(Beginning of Data to process)

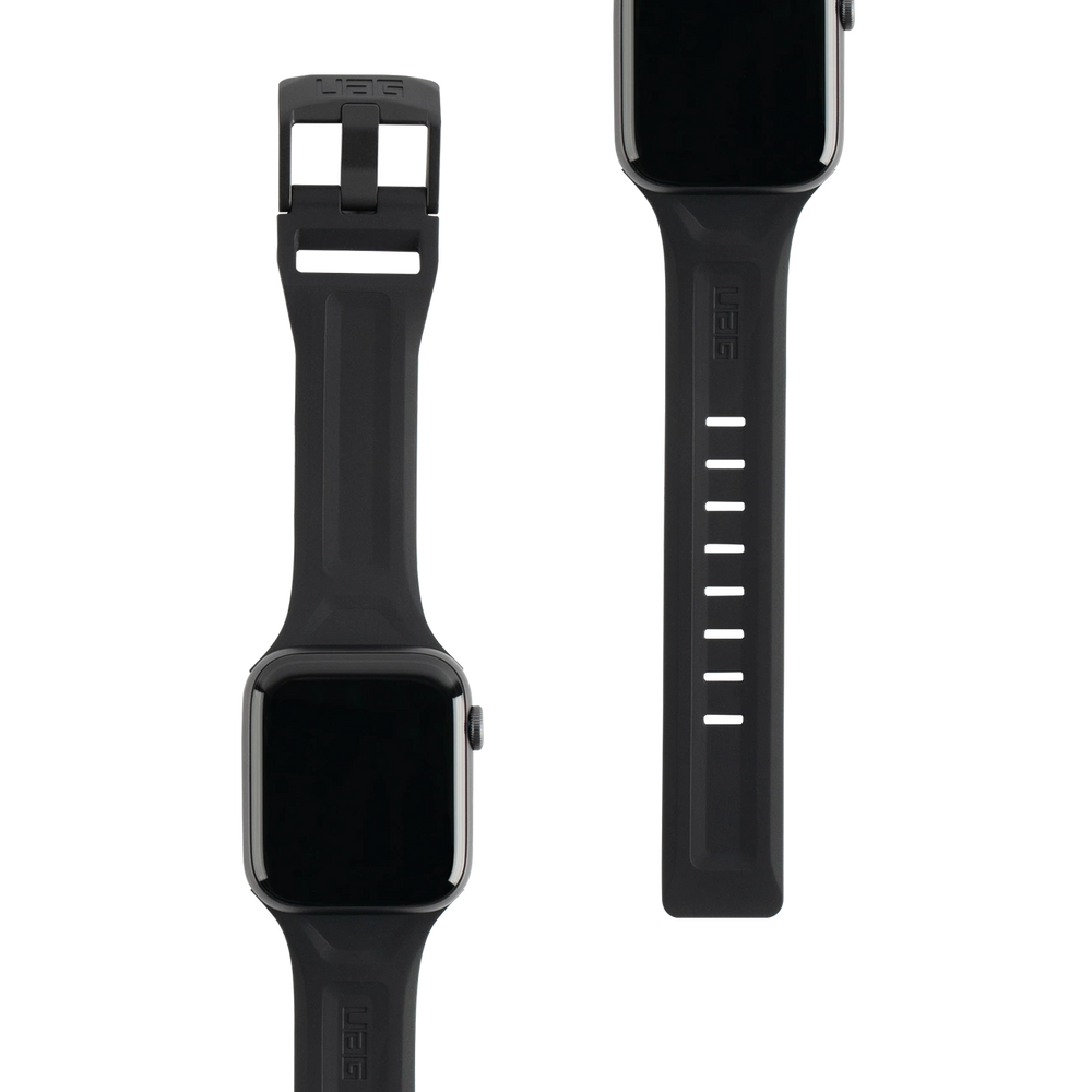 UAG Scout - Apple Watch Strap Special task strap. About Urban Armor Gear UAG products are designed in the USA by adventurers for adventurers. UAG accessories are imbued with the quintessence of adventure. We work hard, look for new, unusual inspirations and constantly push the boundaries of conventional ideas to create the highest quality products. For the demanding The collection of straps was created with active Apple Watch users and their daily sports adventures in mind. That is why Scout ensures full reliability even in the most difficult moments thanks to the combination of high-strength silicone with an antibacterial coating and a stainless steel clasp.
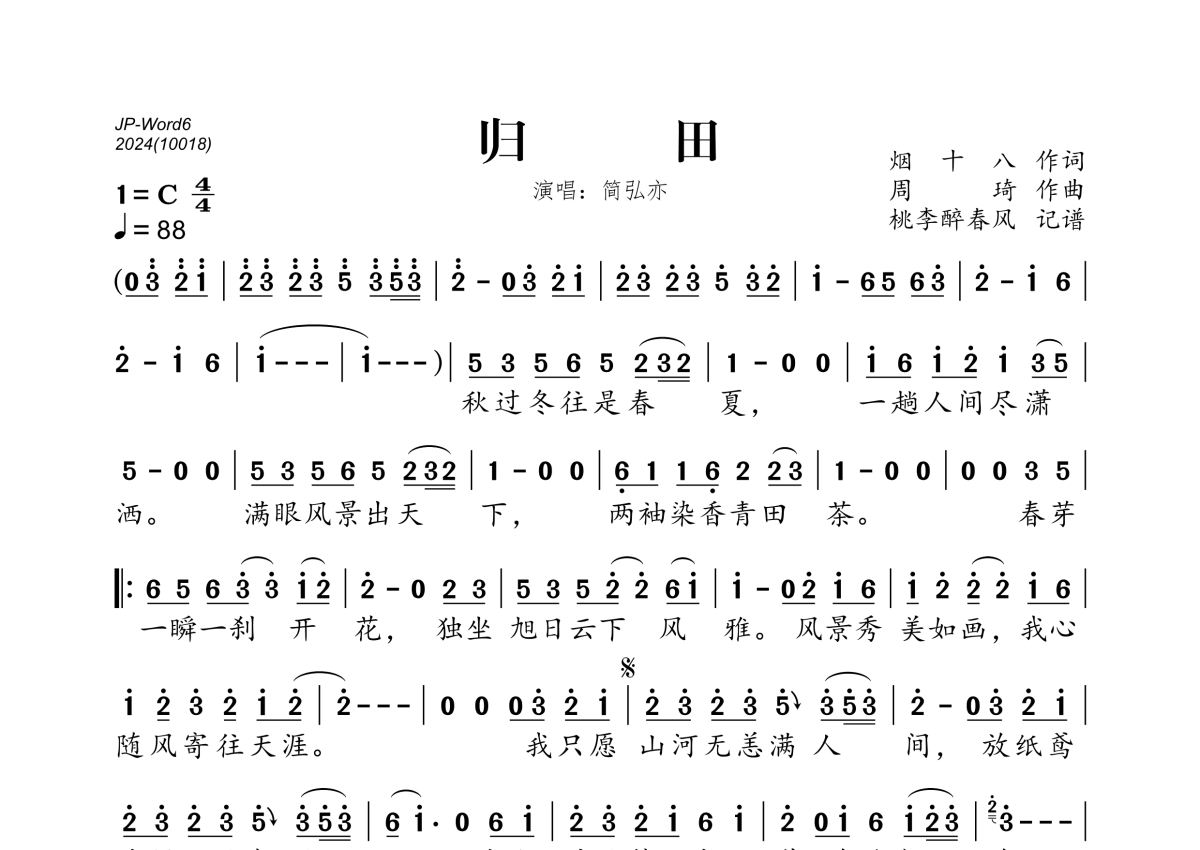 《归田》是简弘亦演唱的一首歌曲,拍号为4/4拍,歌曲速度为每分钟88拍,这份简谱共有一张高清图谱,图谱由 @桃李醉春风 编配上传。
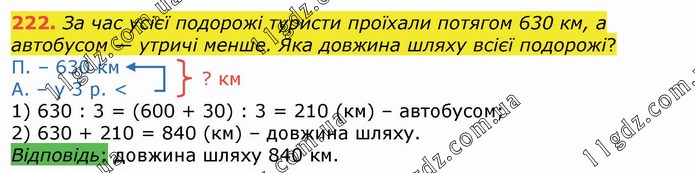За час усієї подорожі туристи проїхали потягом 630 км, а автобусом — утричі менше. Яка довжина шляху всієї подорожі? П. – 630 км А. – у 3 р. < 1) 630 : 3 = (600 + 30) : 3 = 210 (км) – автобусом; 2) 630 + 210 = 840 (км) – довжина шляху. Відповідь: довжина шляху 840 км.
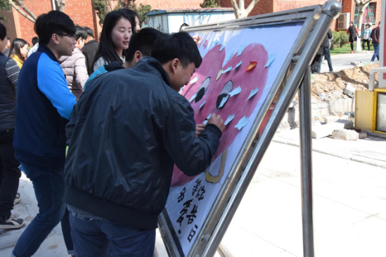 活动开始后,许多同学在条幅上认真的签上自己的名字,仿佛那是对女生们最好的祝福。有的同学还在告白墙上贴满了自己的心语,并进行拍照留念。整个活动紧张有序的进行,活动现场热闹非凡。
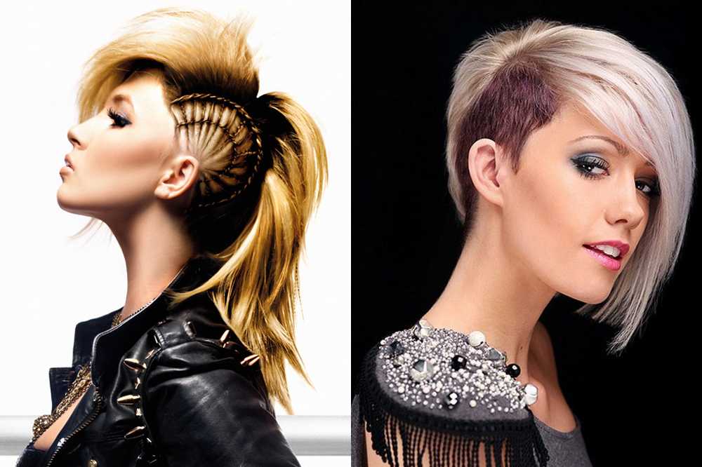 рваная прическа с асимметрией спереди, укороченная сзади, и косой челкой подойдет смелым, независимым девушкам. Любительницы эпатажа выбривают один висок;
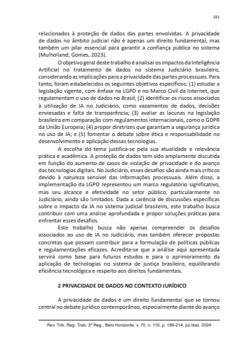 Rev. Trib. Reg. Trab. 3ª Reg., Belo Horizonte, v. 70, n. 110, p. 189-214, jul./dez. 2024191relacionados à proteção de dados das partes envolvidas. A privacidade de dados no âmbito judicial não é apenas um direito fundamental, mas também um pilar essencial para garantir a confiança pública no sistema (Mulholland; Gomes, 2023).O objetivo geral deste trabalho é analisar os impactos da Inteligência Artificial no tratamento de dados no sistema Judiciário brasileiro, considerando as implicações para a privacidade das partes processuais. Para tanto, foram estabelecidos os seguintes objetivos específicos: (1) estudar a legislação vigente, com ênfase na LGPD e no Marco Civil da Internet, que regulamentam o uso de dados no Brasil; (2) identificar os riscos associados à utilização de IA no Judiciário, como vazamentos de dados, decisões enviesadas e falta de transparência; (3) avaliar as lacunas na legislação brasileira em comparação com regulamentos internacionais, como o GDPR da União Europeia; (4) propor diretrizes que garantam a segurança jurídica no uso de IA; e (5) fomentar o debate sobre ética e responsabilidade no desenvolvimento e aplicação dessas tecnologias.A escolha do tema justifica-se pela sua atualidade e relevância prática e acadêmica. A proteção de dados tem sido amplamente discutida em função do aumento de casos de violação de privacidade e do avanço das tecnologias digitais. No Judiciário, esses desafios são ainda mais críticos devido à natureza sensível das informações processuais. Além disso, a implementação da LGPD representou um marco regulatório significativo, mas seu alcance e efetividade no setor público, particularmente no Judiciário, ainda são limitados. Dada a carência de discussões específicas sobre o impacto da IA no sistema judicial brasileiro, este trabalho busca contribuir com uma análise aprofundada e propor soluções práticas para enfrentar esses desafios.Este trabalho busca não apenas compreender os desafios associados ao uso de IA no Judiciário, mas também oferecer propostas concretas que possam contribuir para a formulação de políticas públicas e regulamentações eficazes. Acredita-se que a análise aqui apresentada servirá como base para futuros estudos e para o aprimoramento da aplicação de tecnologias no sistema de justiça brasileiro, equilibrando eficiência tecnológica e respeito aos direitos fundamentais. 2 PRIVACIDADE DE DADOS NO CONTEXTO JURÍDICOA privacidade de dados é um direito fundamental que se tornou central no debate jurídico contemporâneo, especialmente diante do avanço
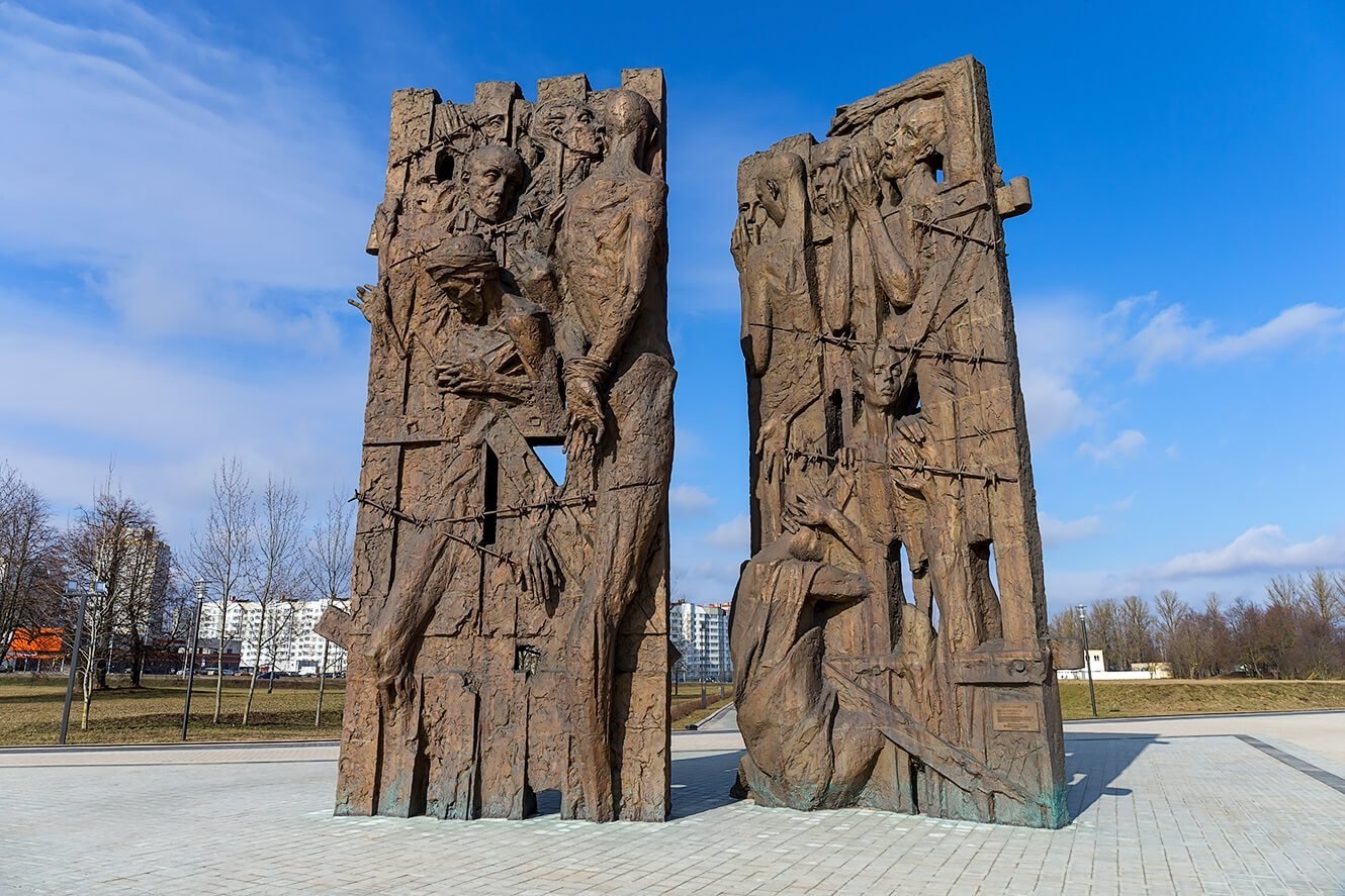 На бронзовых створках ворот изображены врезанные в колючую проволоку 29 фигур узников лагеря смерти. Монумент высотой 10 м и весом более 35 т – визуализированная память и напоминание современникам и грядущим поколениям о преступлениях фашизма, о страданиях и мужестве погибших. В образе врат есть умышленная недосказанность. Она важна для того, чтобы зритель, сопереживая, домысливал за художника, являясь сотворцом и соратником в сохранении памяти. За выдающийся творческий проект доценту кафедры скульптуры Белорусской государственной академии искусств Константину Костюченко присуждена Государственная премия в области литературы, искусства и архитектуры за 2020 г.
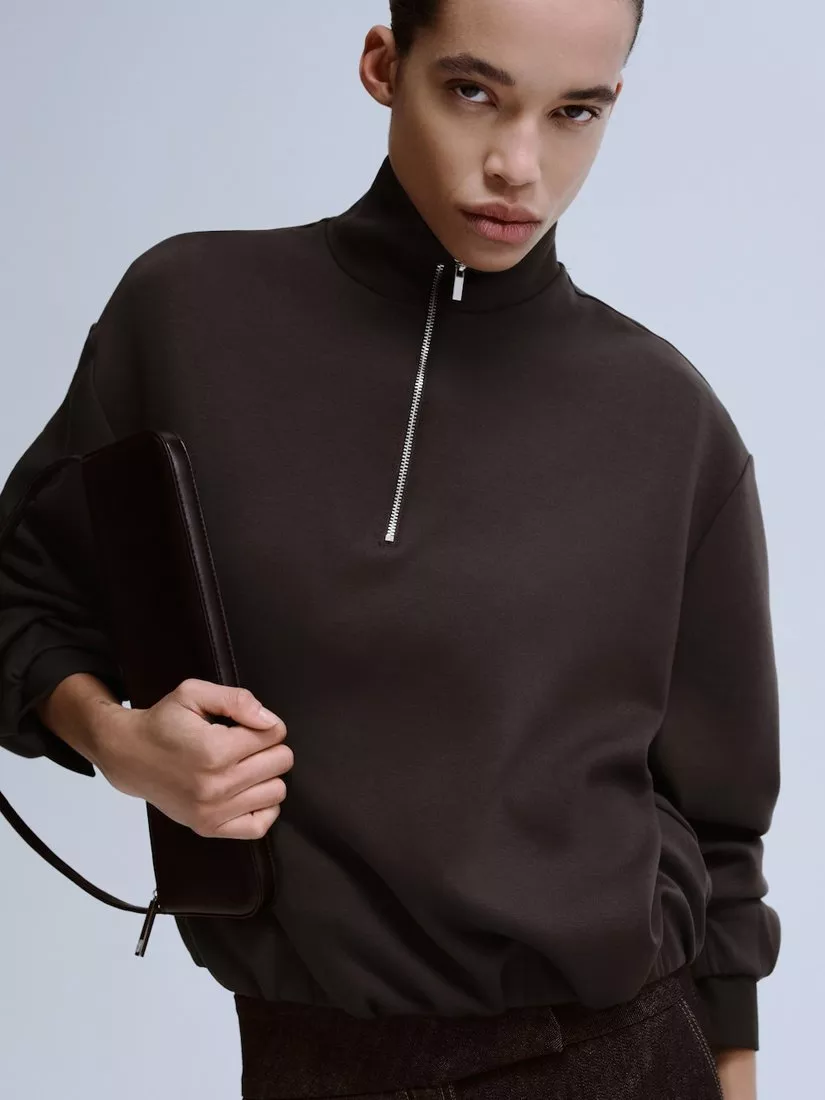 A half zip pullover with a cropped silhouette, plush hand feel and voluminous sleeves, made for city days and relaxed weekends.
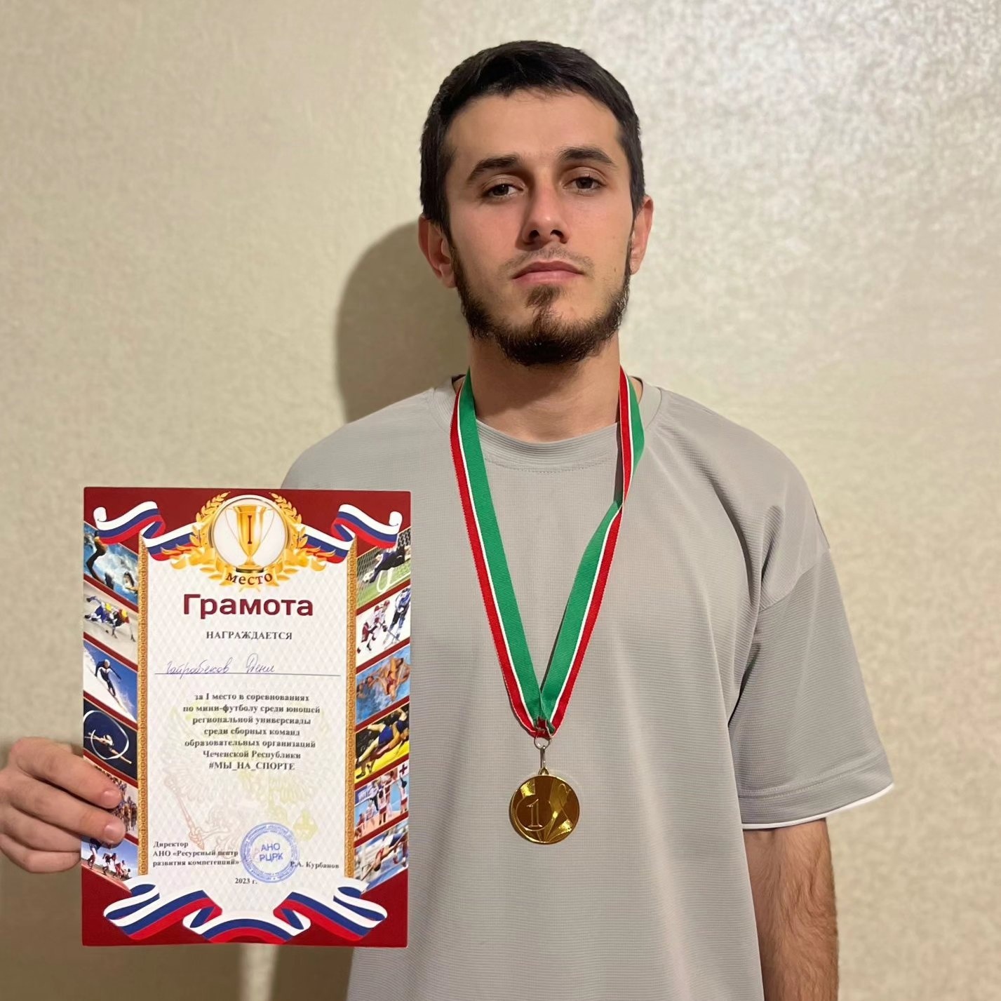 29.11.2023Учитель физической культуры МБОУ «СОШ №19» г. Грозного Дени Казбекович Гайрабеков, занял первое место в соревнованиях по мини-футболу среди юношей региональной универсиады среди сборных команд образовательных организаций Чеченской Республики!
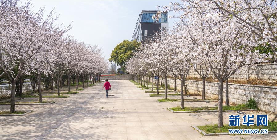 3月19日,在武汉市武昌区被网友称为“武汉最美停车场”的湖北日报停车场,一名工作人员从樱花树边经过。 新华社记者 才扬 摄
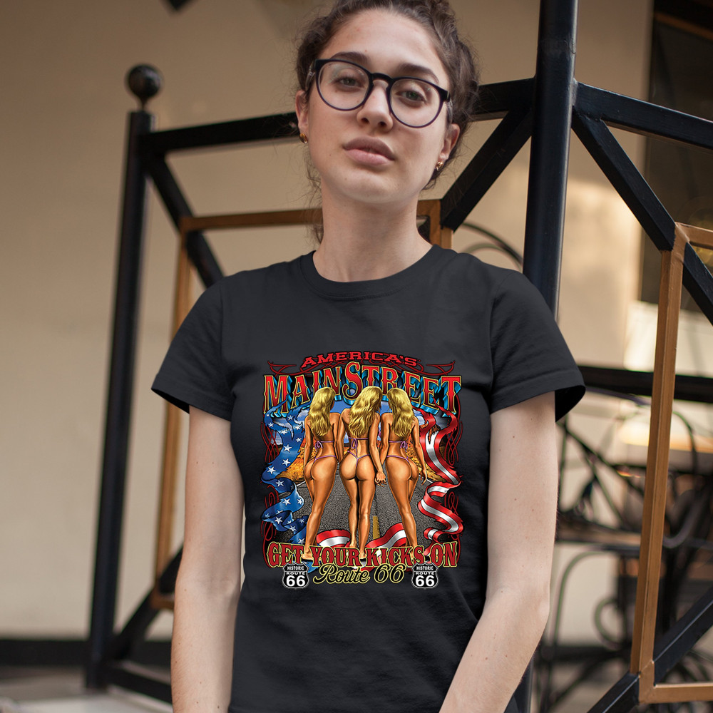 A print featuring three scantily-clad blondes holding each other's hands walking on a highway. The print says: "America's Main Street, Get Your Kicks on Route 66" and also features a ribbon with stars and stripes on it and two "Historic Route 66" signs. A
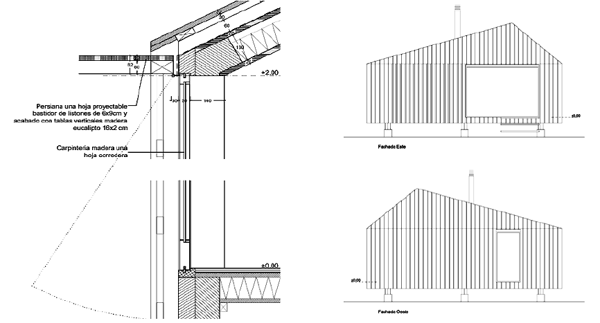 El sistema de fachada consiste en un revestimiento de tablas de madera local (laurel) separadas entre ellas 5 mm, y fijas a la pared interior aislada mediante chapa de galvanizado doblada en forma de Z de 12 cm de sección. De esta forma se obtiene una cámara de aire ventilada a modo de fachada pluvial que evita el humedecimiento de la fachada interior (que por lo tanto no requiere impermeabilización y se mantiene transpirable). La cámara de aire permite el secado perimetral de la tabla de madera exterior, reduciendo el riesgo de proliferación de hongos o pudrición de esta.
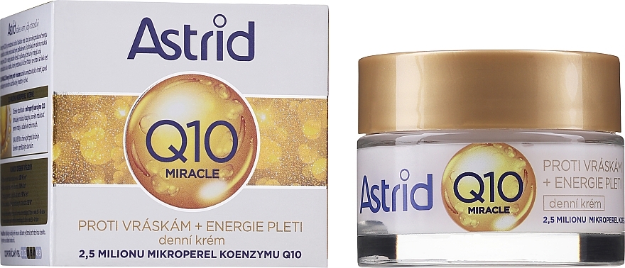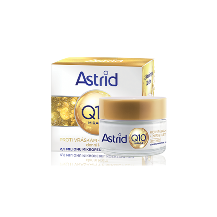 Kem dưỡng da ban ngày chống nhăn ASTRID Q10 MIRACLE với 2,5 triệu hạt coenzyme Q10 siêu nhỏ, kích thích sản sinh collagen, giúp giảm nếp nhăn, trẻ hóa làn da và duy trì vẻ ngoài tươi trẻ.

(End of Data to process)

_Problem description_:
In the data above, start at the line holding "A print featuring" and stop after the line holding "El sistema de"; write out those lines exactly, without pictures.

_Result_:
 A print featuring three scantily-clad blondes holding each other's hands walking on a highway. The print says: "America's Main Street, Get Your Kicks on Route 66" and also features a ribbon with stars and stripes on it and two "Historic Route 66" signs. A
 El sistema de fachada consiste en un revestimiento de tablas de madera local (laurel) separadas entre ellas 5 mm, y fijas a la pared interior aislada mediante chapa de galvanizado doblada en forma de Z de 12 cm de sección. De esta forma se obtiene una cámara de aire ventilada a modo de fachada pluvial que evita el humedecimiento de la fachada interior (que por lo tanto no requiere impermeabilización y se mantiene transpirable). La cámara de aire permite el secado perimetral de la tabla de madera exterior, reduciendo el riesgo de proliferación de hongos o pudrición de esta.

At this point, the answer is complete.